___ Provided data ___

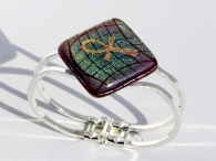 Der Aufsatz misst ca. 3 x 3 cm und ist auf einer versilberten Tombak-Federpange befestigt. Das Scharnier befindet sich gegenüber des Aufsatzes.
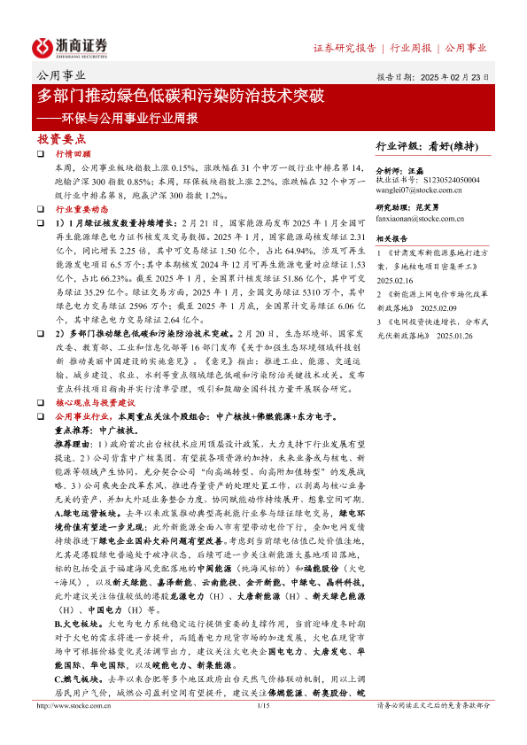 【浙商证券】【20250223】多部门推动绿色低碳和污染防治技术突破-15页
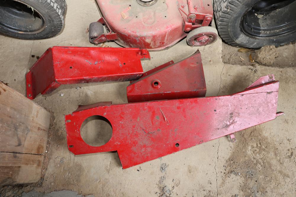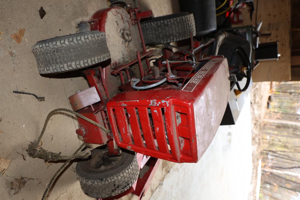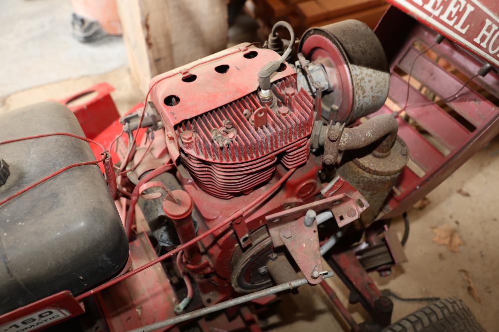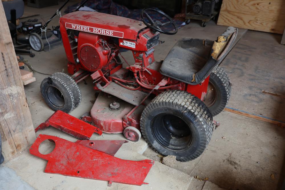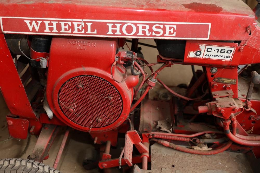 Wheel Horse C-160 Automatic Garden Tractor with Kohler Engine. Features a Kohler engine, mower deck, and manual steering wheel. Includes additional red body panels. Buyer is responsible for all help and materials necessary for removal. Operation unknown. Pickup only.

___

Apart from its pictures, the data is to be repeated exactly.

- Result of the exercise:
 Der Aufsatz misst ca. 3 x 3 cm und ist auf einer versilberten Tombak-Federpange befestigt. Das Scharnier befindet sich gegenüber des Aufsatzes.
 【浙商证券】【20250223】多部门推动绿色低碳和污染防治技术突破-15页
 Wheel Horse C-160 Automatic Garden Tractor with Kohler Engine. Features a Kohler engine, mower deck, and manual steering wheel. Includes additional red body panels. Buyer is responsible for all help and materials necessary for removal. Operation unknown. Pickup only.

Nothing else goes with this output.